Material shown:
○ ○ ○

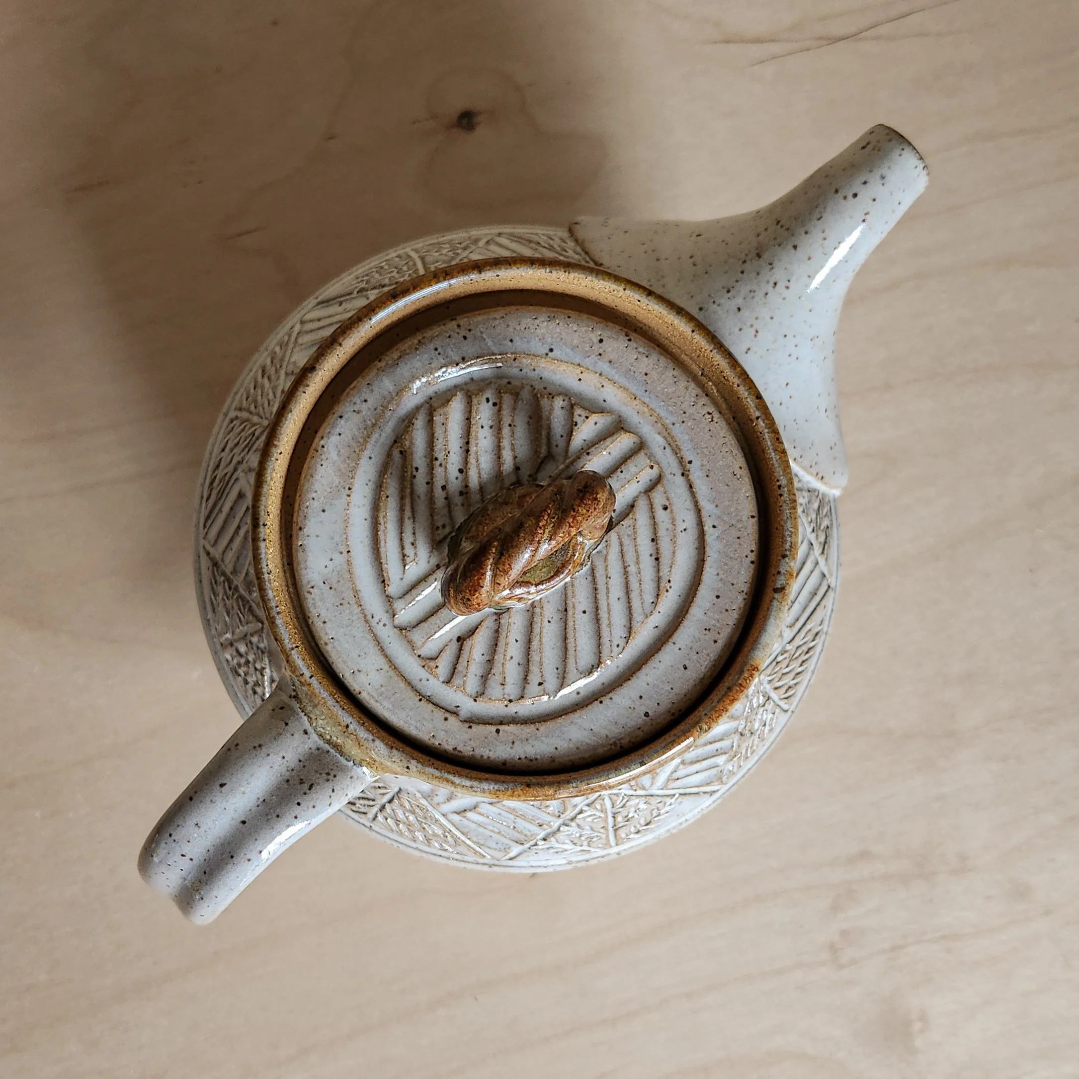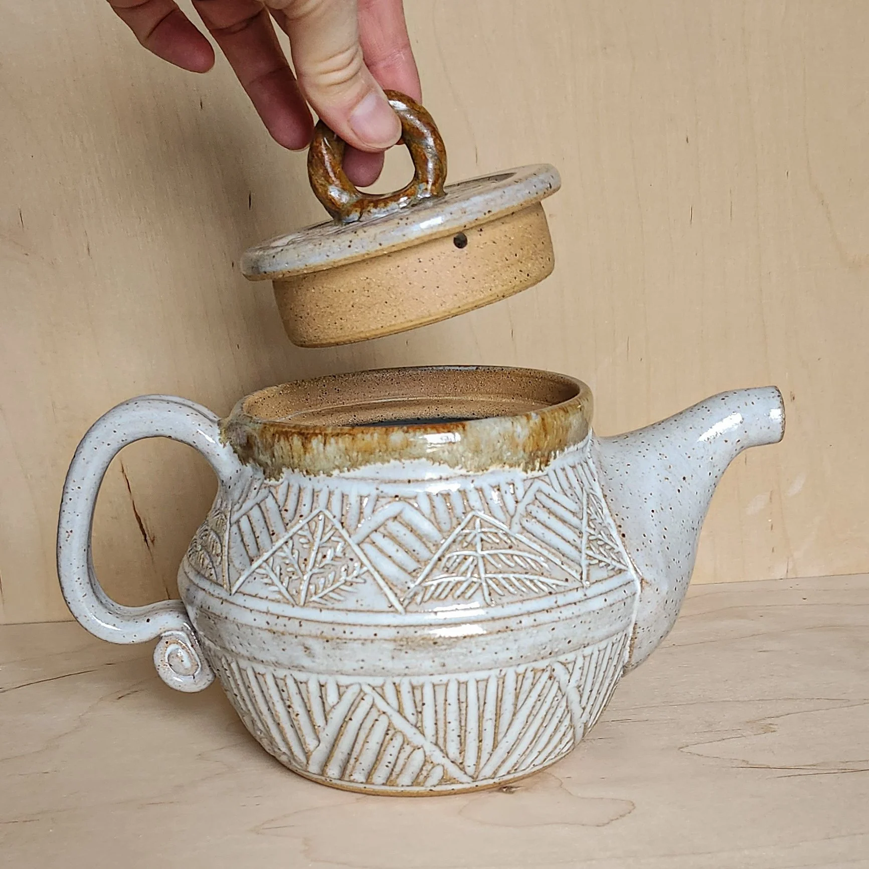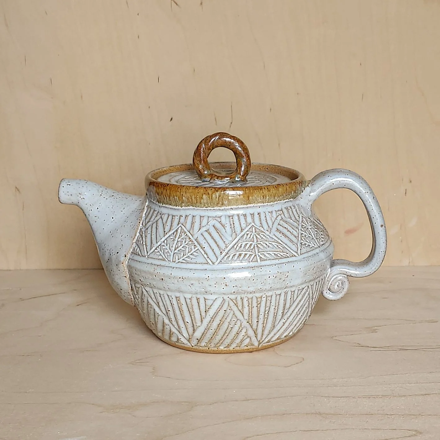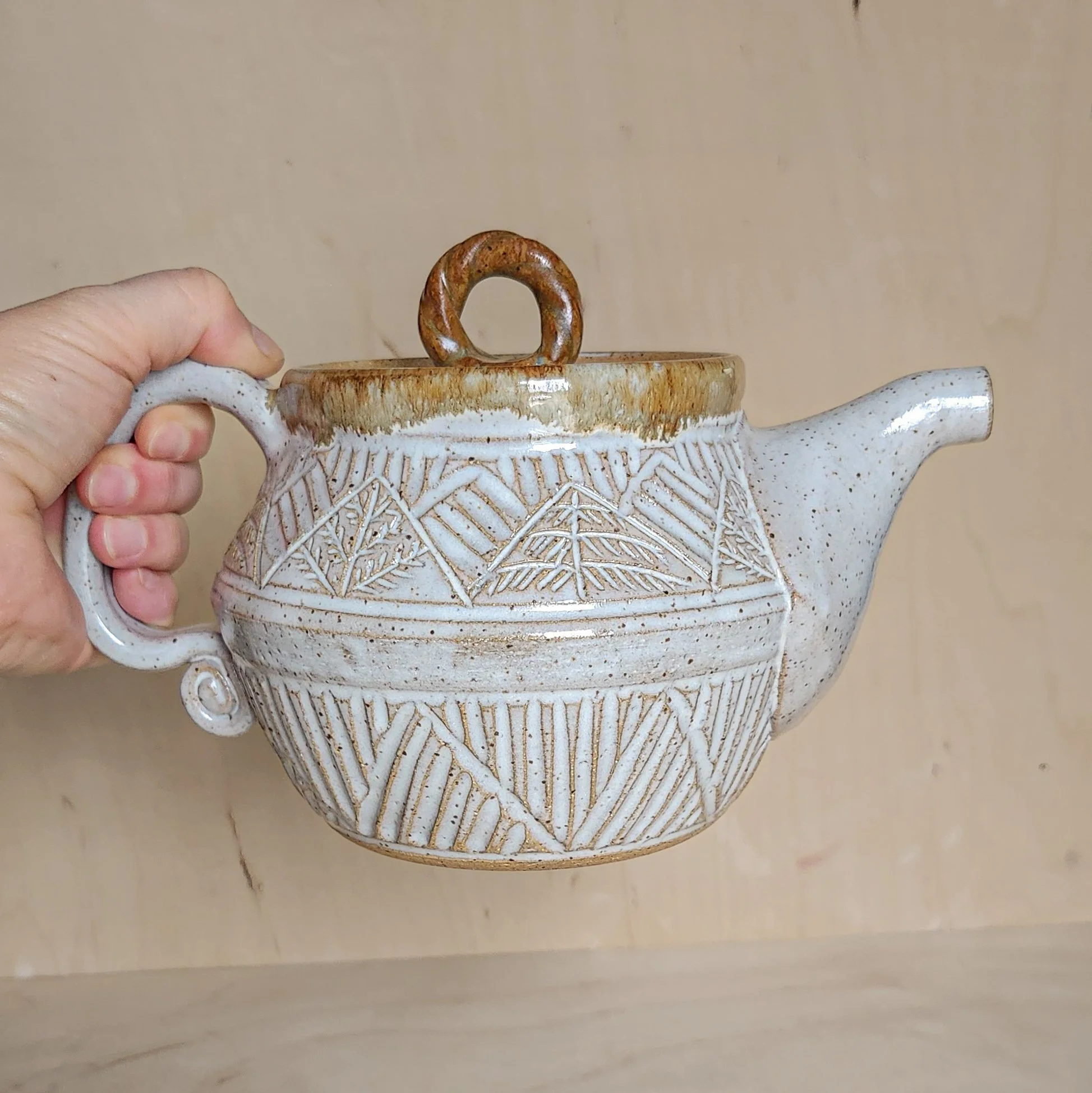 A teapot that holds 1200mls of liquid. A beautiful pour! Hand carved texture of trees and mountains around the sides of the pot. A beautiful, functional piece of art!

○ ○ ○

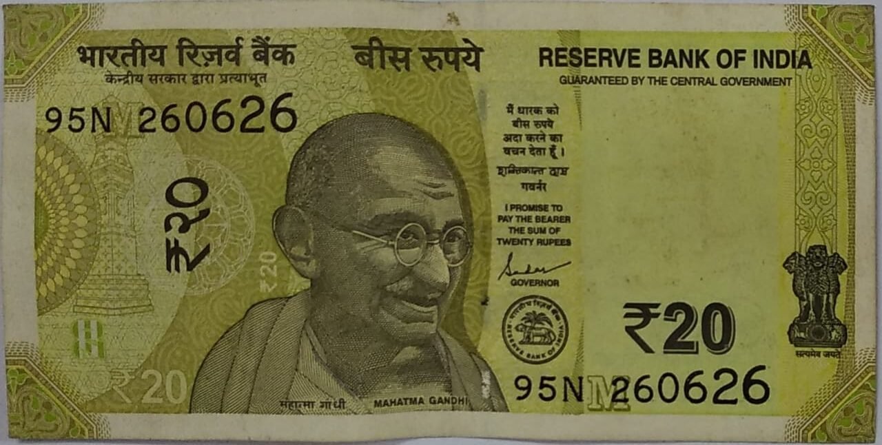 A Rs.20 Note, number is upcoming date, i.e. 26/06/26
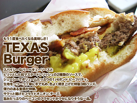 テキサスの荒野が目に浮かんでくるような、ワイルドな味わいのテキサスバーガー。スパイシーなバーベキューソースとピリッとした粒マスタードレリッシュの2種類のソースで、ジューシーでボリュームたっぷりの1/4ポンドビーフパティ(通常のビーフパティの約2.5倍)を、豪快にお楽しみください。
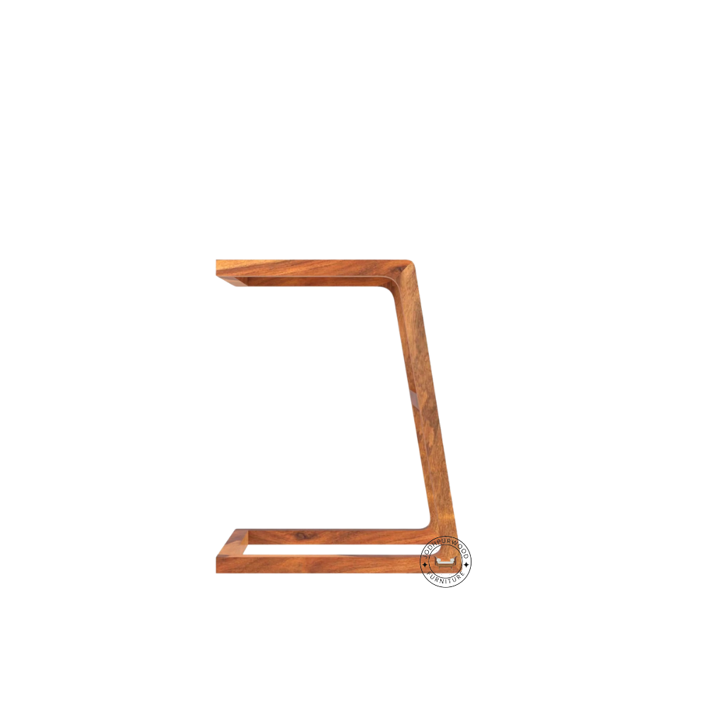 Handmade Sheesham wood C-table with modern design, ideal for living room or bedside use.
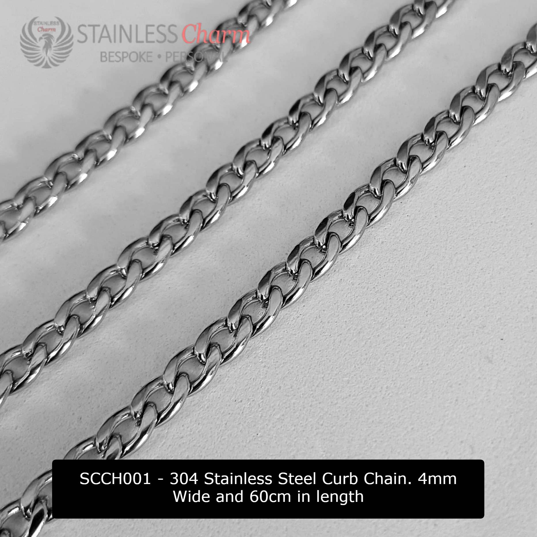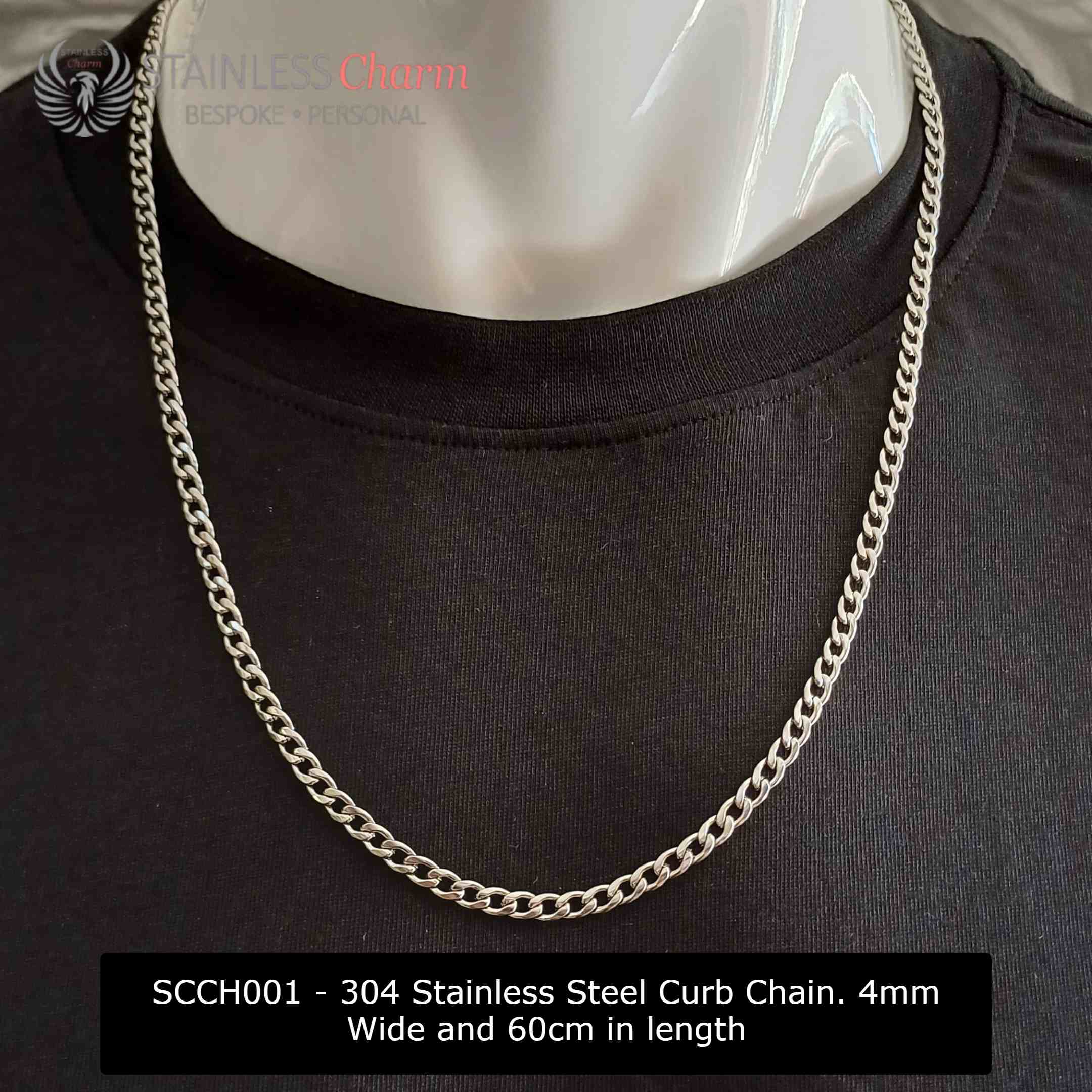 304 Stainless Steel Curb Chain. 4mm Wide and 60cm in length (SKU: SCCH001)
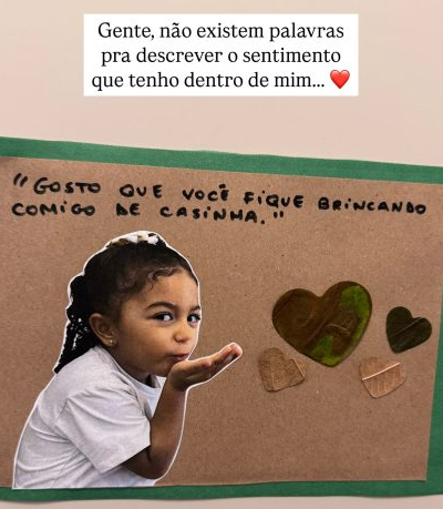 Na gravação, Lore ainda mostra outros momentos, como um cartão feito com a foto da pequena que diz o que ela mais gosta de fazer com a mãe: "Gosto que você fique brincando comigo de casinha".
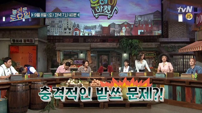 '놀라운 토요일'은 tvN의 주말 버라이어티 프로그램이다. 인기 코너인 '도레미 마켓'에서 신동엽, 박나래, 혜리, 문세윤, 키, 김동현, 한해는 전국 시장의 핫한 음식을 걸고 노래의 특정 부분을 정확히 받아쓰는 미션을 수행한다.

○ ○ ○

How to complete this task:
Once the line with "Na gravação, Lore" is found above, transcribe each line from it through the line with "받아쓰는 미션을 수행한다.", exactly, and omit the pictures.

Written response:
 Na gravação, Lore ainda mostra outros momentos, como um cartão feito com a foto da pequena que diz o que ela mais gosta de fazer com a mãe: "Gosto que você fique brincando comigo de casinha".
 '놀라운 토요일'은 tvN의 주말 버라이어티 프로그램이다. 인기 코너인 '도레미 마켓'에서 신동엽, 박나래, 혜리, 문세윤, 키, 김동현, 한해는 전국 시장의 핫한 음식을 걸고 노래의 특정 부분을 정확히 받아쓰는 미션을 수행한다.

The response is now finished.